Leave out the pictures and set down exactly the lines from the start of the listing through the one with "Оборудование: цветная бумага, ножницы, клей, рабочая", both included.
EXERCISE DATA START
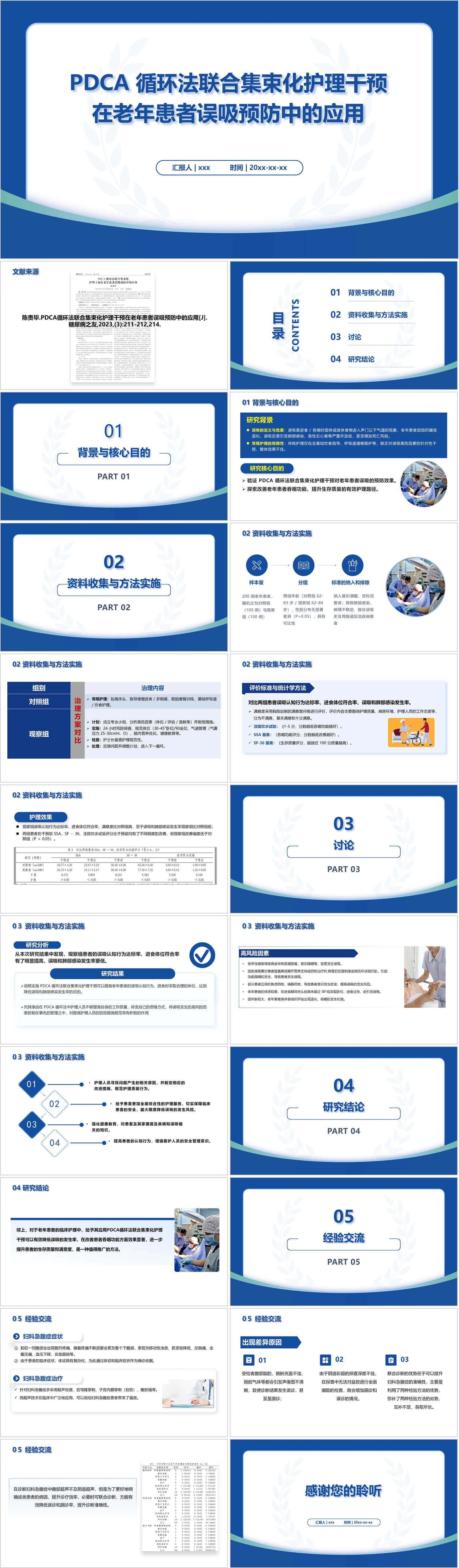 #精品 YXKJ728-PDCA 循环法联合集束化护理干预在老年患者误吸预防中的应用-文献解读PPT模板成品课件
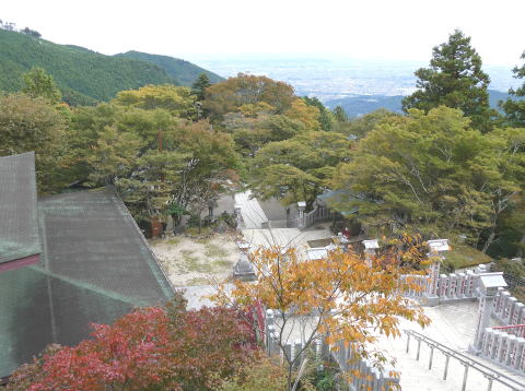 | 下社から石段方面を見下ろす。(写真下) あと1ヶ月もしないうちに辺り一帯が紅葉となるだろう。 |
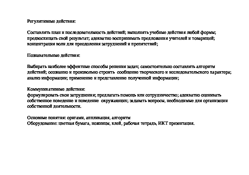Оборудование: цветная бумага, ножницы, клей, рабочая тетрадь, ИКТ презентация.Этап
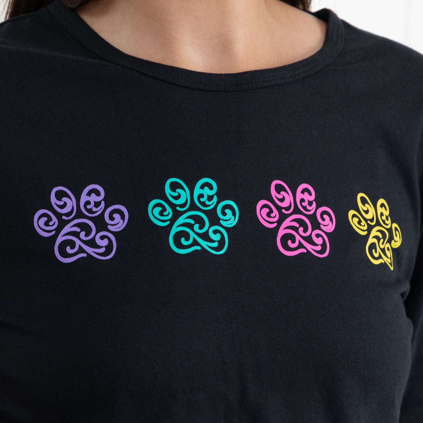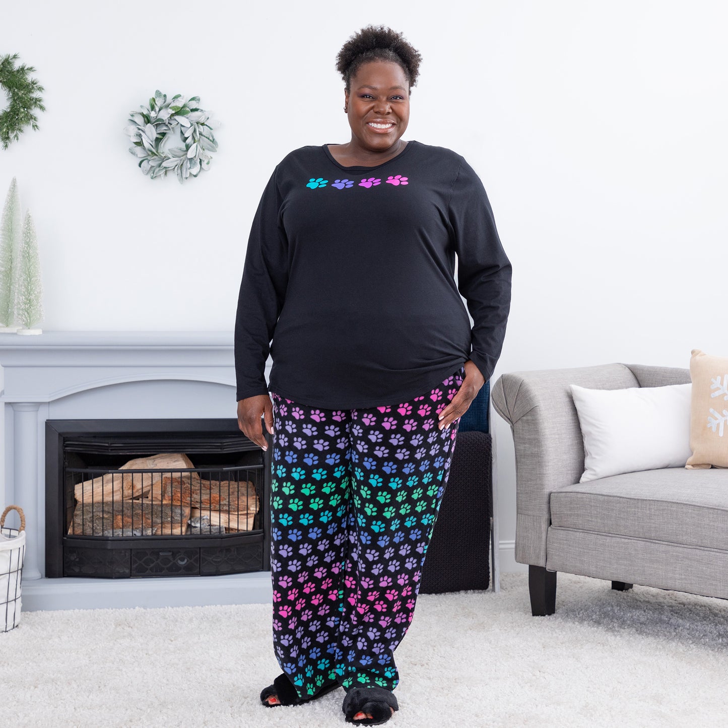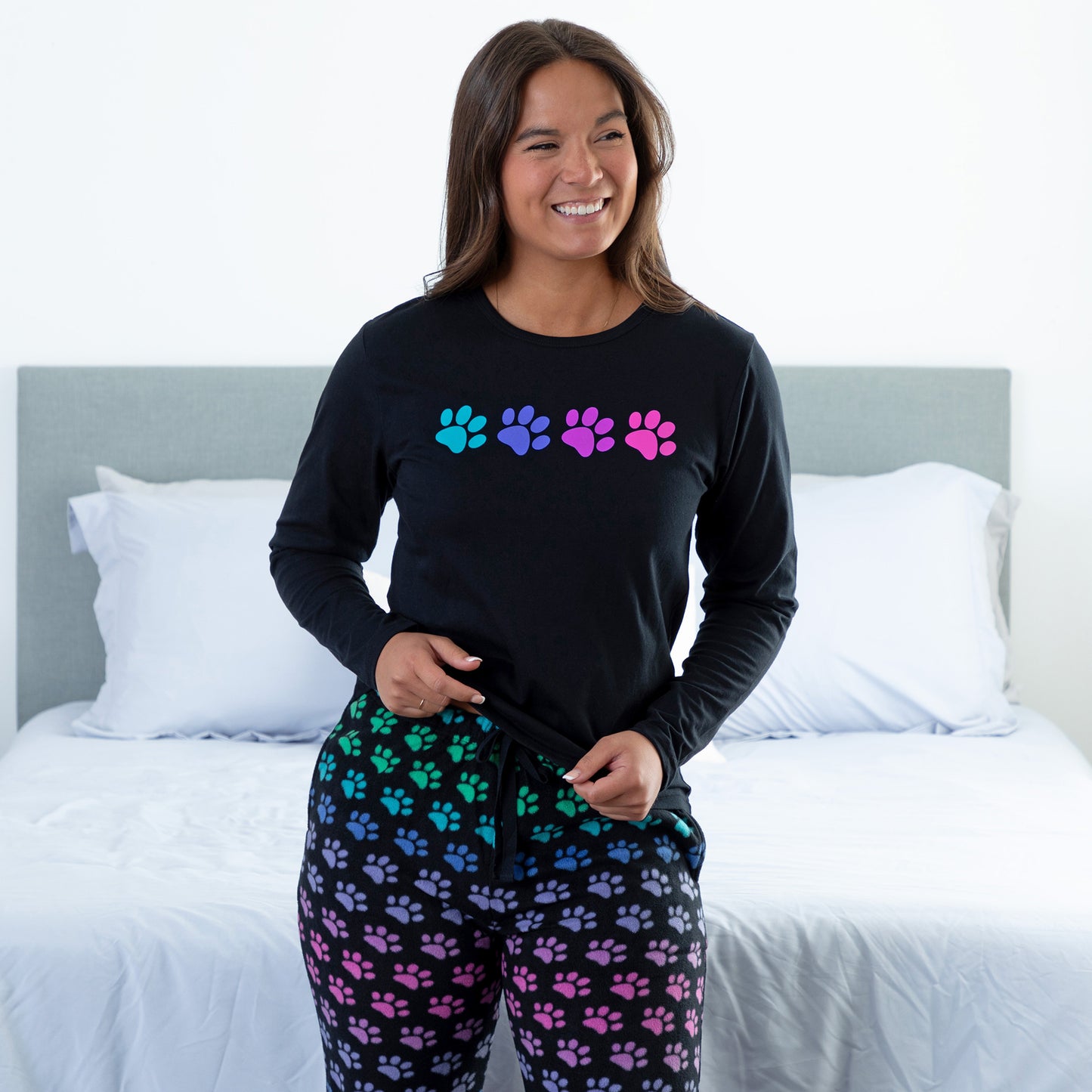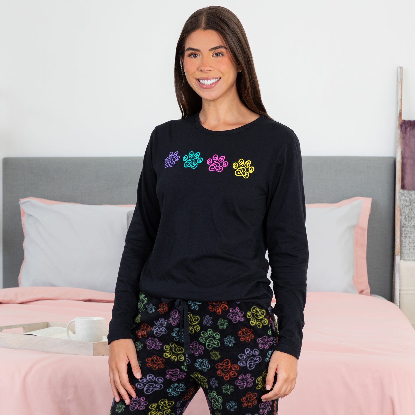 Technicolor paws pattern the pants and parade across the top of this women's pajama set! Featuring cozy soft fleece bottoms with an elastic waistband for the most comfortable fit, and a crew neck long sleeve top in black, which makes the rainbow paw prints pop in full color.
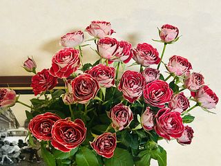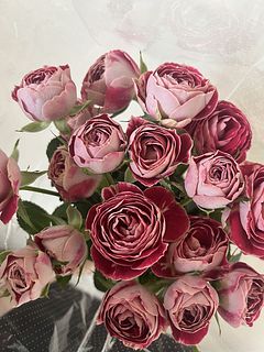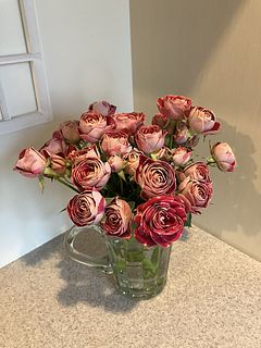 初めてみるSPバラで、ボリューミーで少し香りもあって美しくとても満足しています。8本に28個もの花付きでした。花色が独特で、開く過程での変化も楽しみです。
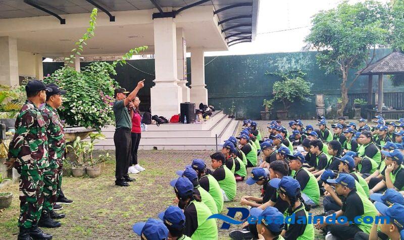 BALI – Denpasar, Dalam rangka memberikan materi tentang Wawasan Kebangsaan dan PBB. Danramil 1611-02/Denpasar Selatan, Mayor Inf I Nyoman Lasiana, bersama anggota Koramil 1611-02/Densel, di Halaman Sekolah SMP Nasional Denpasar, Kecamatan Denpasar Selatan, Kota Denpasar. Kegiatan ini dilaksanakan dalam rangka Masa Pengenalan Lingkungan Sekolah (MPLS) kepada siswa dan siswi Sekolah SMP Nasional yang diikuti oleh 200 siswa. Senin, (14/07/2025).
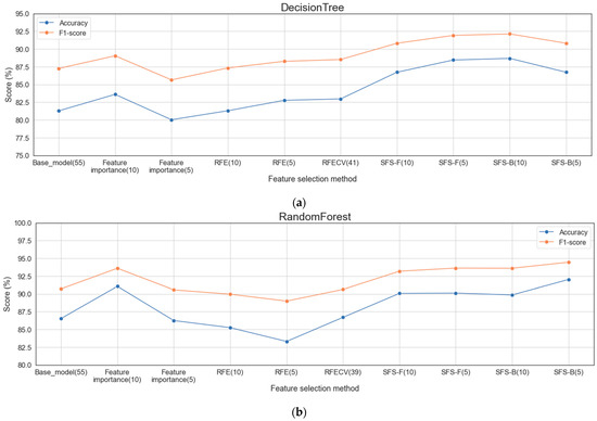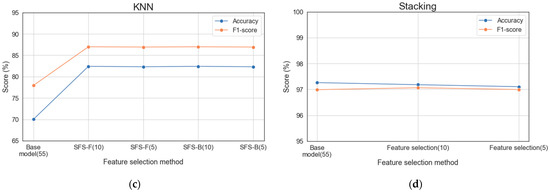 Accuracy and F1-scores of each classification algorithm for the base model and the model applying each feature selection method: (a) DT; (b) RF; (c) KNN; (d) Stacking.
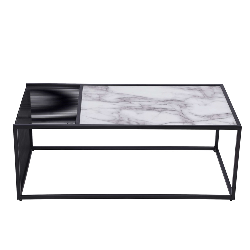 Coffee table, with a support structure made of metallic rods, with a height of 46 cm, in black color. The table is equipped with a rectangular-shaped table top, made of tempered glass as a core panel, with a thickness of 0.6 cm and dimensions of 120x60 cm, in gray and white color. It can be used as a functional piece of furniture, for serving coffee or other drinks, and as a decorative object in decorating indoor environments of houses, living rooms and hotel lobbies.
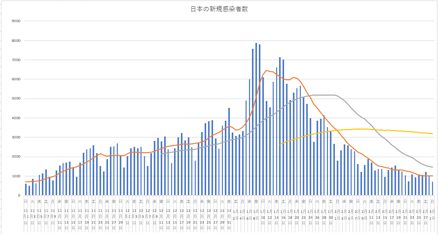 次に日本の新規感染者数。首都圏にくらべると減少傾向が強いようですね。
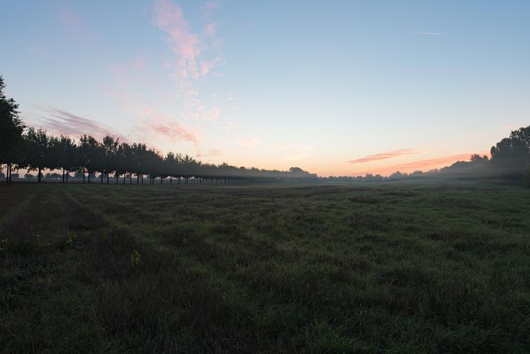 Keywords: sunrise fog haze lane field
EXERCISE DATA END
- TASK SOLUTION -
 #精品 YXKJ728-PDCA 循环法联合集束化护理干预在老年患者误吸预防中的应用-文献解读PPT模板成品课件
 | 下社から石段方面を見下ろす。(写真下) あと1ヶ月もしないうちに辺り一帯が紅葉となるだろう。 |
Оборудование: цветная бумага, ножницы, клей, рабочая тетрадь, ИКТ презентация.Этап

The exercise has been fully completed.